Despite the success of nanotechnology in stroke therapy, several obstacles still remain. Larger nanoparticles are not preferred since there might be a chance of uneven drug release. Drug delivery may fail if the nanoparticle prevents its complete release due to slow nanoparticle decomposition and entrapment of the drug within the particle's compartment. If a drug is greatly absorbed, the amount of drug released might not be advantageous in drug delivery. The inability of the nanoparticles to absorb the drug will result in the release of a significant amount which might not be beneficial. The drug release time is vital since an early release into the blood-stream results in decomposition and clearance by the host immune system. In addition to the difficulty in the development of new stroke therapies, the use of nanomaterials comes along with a significant risk of toxicity. Due to their bulky structures, injected nanoparticles are recognized as pathogens by the host than soluble molecules, which results in rapid clearance. Another major concern is the lack of protocols to assess the cytotoxicity of nanomaterials. A failure to assess the toxic profile of nanomaterials may lead to fatal outcomes. Nonetheless, the field of nanomedicine is trying to resolve the toxicity issue of nanomaterials and is proposing an increasing number of solutions. This significant progress towards biocompatibility will support efficient clinical translation.
The ongoing research has confirmed that future perspectives of nanoparticles in stroke therapy are promising. Central nervous system injury biomarkers can be conjugated with nanoparticles in order to quickly diagnose using computed tomography (CT) scan or magnetic resonance imaging (MRI). These nanoparticles are, therefore, beneficial over conventional drugs. Unlike regular drugs, nanoparticles can be programmed to specifically target the injured brain areas.

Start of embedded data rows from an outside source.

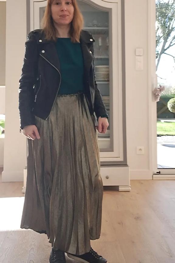 โข Jupe midi plissรฉe โข Couleur or โข Taille รฉlastique โข Coupe droite et รฉvasรฉe
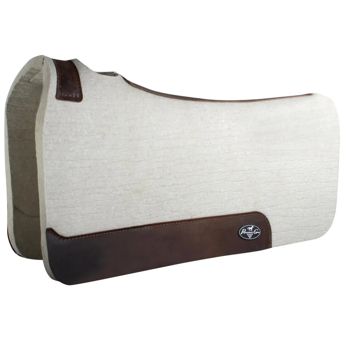 100% steam-pressed felt saddle pad with a channel down the spine to help provide pressure relief and allow for air flow. Cutback at the withers to aid in better freedom of movement and comfort. Contoured design helps provide anatomically correct fit and keeps the saddle in place. 100% genuine leather patches in high-wear areas offer extra durability.
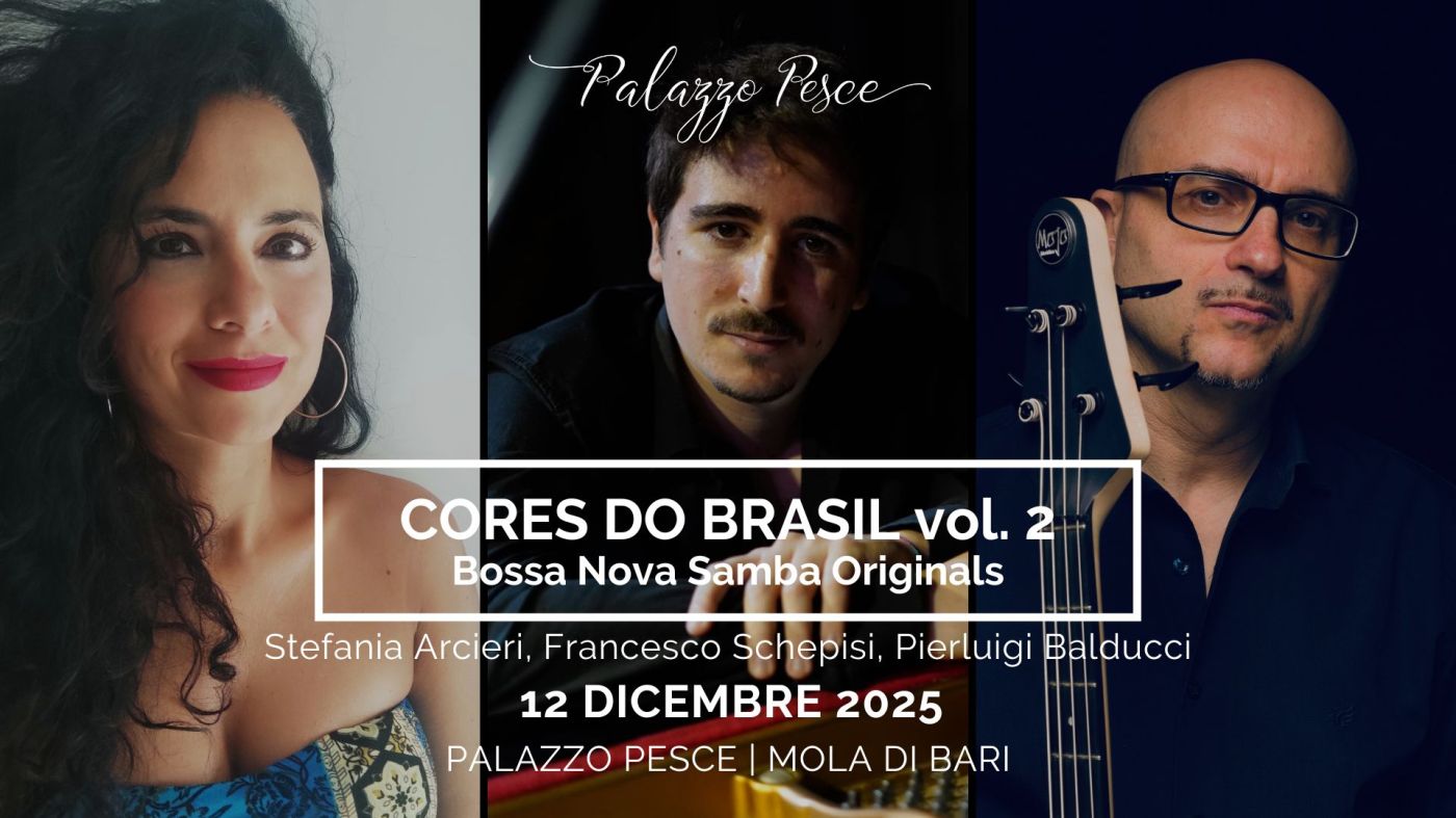 Venerdì 12 dicembre 2025 alle ore 21.00 la Sala Etrusca di Palazzo Pesce a Mola di Bari presenta “Cores do Brasil vol.2 Bossa Nova Samba Originals” insieme a Stefania Arcieri voce, composizioni, Francesco Schepisi pianoforte e Pierluigi Balducci basso elettrico.

The increasing threat of stroke morbidity and mortality, the disadvantages and risks displayed by other neuroprotective agents, and the urgent need for more efficient and safer alternative therapies for treating stroke have steered research towards nanotechnology. Thus, nanomedicine targeting stroke treatment must be carefully designed to achieve the safest and most efficacious therapeutic regimen to deliver different neuroprotectants to the brain by combating the blood-brain barrier. The coordinated effort of researchers will definitely lead to the enormous advancement of clinical translation of this research field and enable the development of more promising theranostic nanomedicine very soon.